--- Your task ---
Print the entries exactly; no image belongs in the copy.

——————————

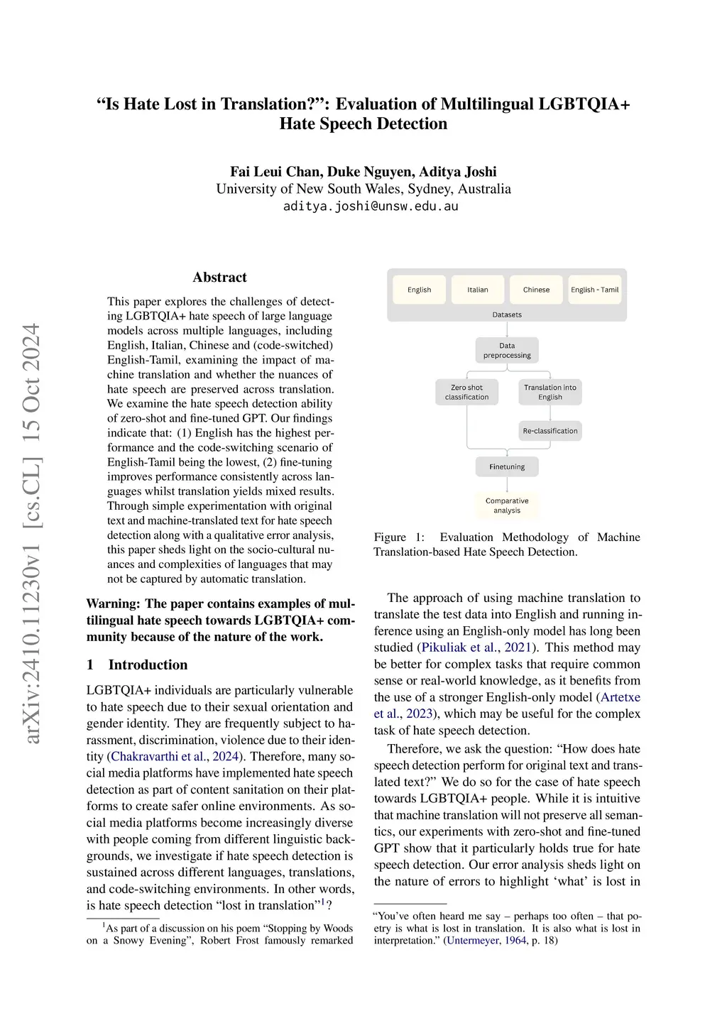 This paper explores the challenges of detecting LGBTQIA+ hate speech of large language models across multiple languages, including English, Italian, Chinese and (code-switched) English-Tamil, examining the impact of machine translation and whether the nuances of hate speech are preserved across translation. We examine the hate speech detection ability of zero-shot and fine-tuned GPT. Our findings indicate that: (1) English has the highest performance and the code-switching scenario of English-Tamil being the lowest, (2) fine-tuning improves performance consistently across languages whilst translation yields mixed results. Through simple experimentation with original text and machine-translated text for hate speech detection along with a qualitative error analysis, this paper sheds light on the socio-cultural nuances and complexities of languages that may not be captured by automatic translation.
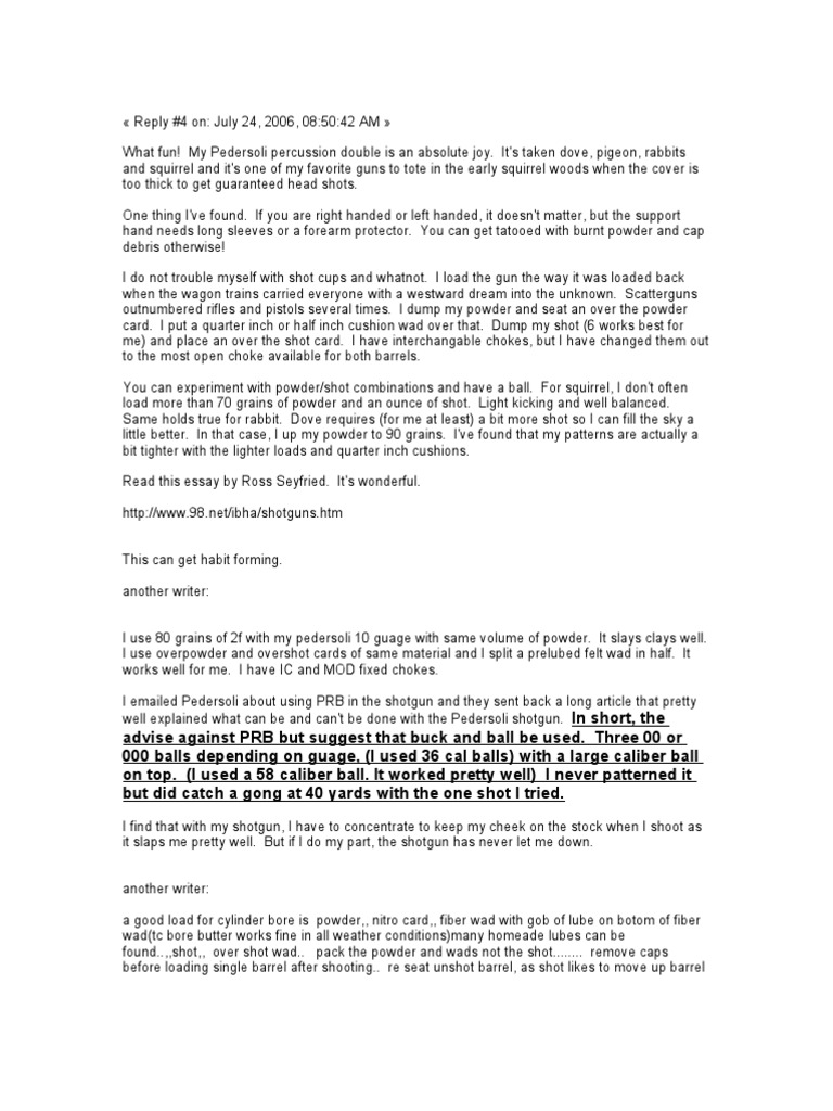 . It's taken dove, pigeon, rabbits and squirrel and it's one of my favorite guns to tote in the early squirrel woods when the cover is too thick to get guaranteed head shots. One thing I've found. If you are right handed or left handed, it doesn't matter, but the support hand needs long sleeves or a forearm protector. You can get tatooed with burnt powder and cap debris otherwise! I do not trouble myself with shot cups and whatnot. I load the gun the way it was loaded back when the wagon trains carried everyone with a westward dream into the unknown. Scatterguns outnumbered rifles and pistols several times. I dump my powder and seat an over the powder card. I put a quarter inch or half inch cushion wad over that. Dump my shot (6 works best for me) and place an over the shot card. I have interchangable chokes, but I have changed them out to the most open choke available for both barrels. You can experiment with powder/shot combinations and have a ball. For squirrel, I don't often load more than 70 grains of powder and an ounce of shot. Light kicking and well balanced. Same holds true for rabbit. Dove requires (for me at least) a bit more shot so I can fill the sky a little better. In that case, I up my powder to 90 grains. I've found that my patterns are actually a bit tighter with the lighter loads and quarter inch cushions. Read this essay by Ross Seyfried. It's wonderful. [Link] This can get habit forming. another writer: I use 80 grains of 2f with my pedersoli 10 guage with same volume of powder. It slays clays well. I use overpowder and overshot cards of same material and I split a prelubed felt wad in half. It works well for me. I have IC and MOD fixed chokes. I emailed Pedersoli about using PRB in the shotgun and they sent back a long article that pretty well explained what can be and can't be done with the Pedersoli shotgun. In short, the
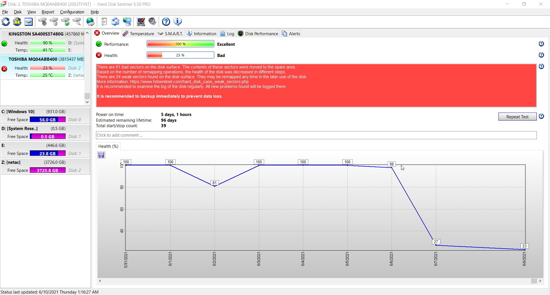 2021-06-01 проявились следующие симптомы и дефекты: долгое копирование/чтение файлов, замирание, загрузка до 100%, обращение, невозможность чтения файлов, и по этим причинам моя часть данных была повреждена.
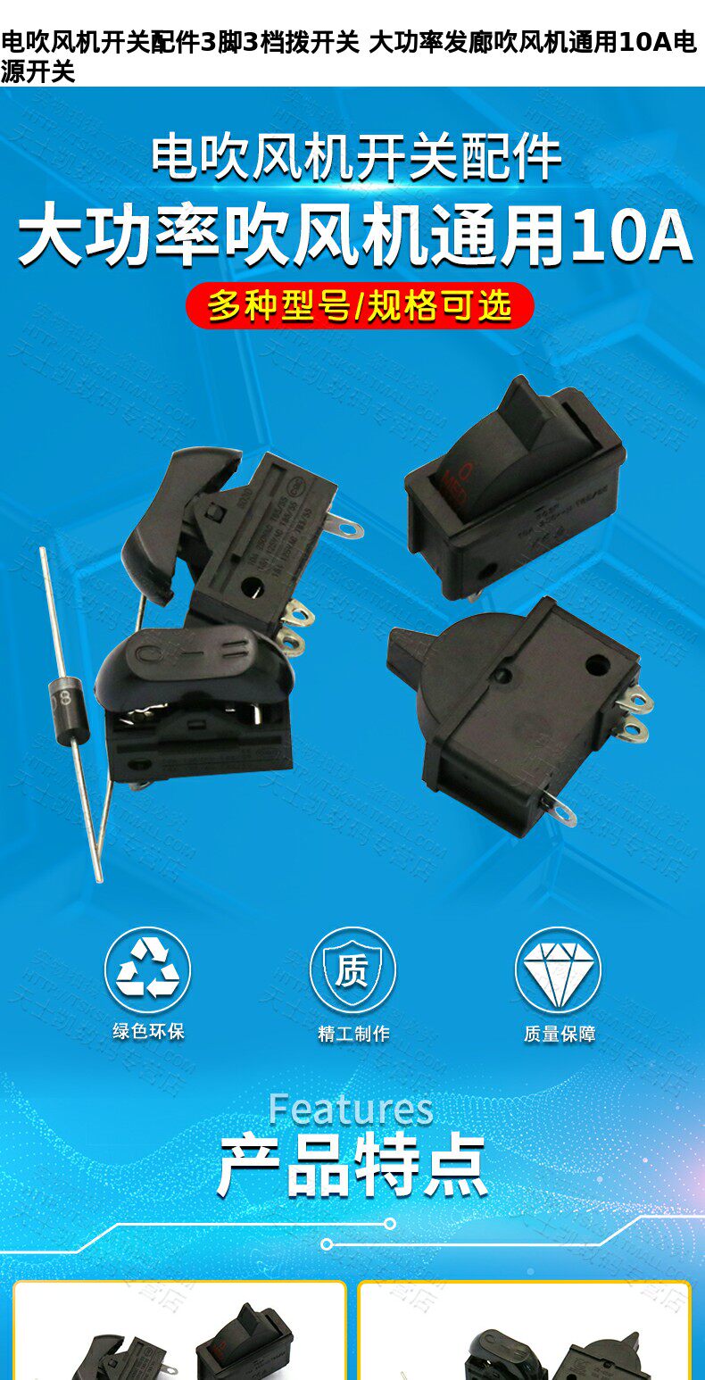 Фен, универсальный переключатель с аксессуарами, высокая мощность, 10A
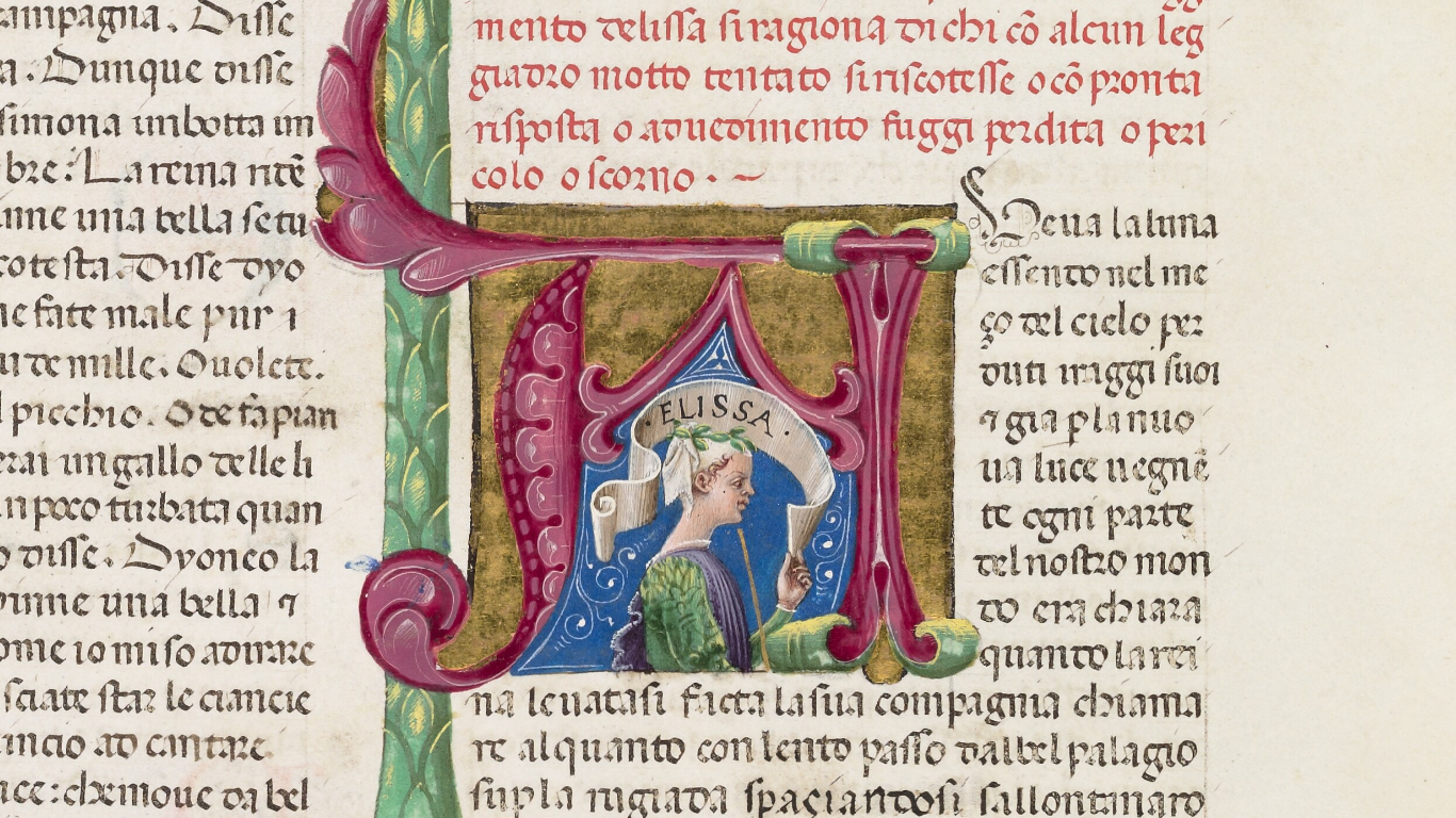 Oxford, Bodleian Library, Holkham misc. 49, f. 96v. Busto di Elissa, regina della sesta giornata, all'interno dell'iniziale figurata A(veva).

——————————

--- Final answer ---
 This paper explores the challenges of detecting LGBTQIA+ hate speech of large language models across multiple languages, including English, Italian, Chinese and (code-switched) English-Tamil, examining the impact of machine translation and whether the nuances of hate speech are preserved across translation. We examine the hate speech detection ability of zero-shot and fine-tuned GPT. Our findings indicate that: (1) English has the highest performance and the code-switching scenario of English-Tamil being the lowest, (2) fine-tuning improves performance consistently across languages whilst translation yields mixed results. Through simple experimentation with original text and machine-translated text for hate speech detection along with a qualitative error analysis, this paper sheds light on the socio-cultural nuances and complexities of languages that may not be captured by automatic translation.
 . It's taken dove, pigeon, rabbits and squirrel and it's one of my favorite guns to tote in the early squirrel woods when the cover is too thick to get guaranteed head shots. One thing I've found. If you are right handed or left handed, it doesn't matter, but the support hand needs long sleeves or a forearm protector. You can get tatooed with burnt powder and cap debris otherwise! I do not trouble myself with shot cups and whatnot. I load the gun the way it was loaded back when the wagon trains carried everyone with a westward dream into the unknown. Scatterguns outnumbered rifles and pistols several times. I dump my powder and seat an over the powder card. I put a quarter inch or half inch cushion wad over that. Dump my shot (6 works best for me) and place an over the shot card. I have interchangable chokes, but I have changed them out to the most open choke available for both barrels. You can experiment with powder/shot combinations and have a ball. For squirrel, I don't often load more than 70 grains of powder and an ounce of shot. Light kicking and well balanced. Same holds true for rabbit. Dove requires (for me at least) a bit more shot so I can fill the sky a little better. In that case, I up my powder to 90 grains. I've found that my patterns are actually a bit tighter with the lighter loads and quarter inch cushions. Read this essay by Ross Seyfried. It's wonderful. [Link] This can get habit forming. another writer: I use 80 grains of 2f with my pedersoli 10 guage with same volume of powder. It slays clays well. I use overpowder and overshot cards of same material and I split a prelubed felt wad in half. It works well for me. I have IC and MOD fixed chokes. I emailed Pedersoli about using PRB in the shotgun and they sent back a long article that pretty well explained what can be and can't be done with the Pedersoli shotgun. In short, the
 2021-06-01 проявились следующие симптомы и дефекты: долгое копирование/чтение файлов, замирание, загрузка до 100%, обращение, невозможность чтения файлов, и по этим причинам моя часть данных была повреждена.
 Фен, универсальный переключатель с аксессуарами, высокая мощность, 10A
 Oxford, Bodleian Library, Holkham misc. 49, f. 96v. Busto di Elissa, regina della sesta giornata, all'interno dell'iniziale figurata A(veva).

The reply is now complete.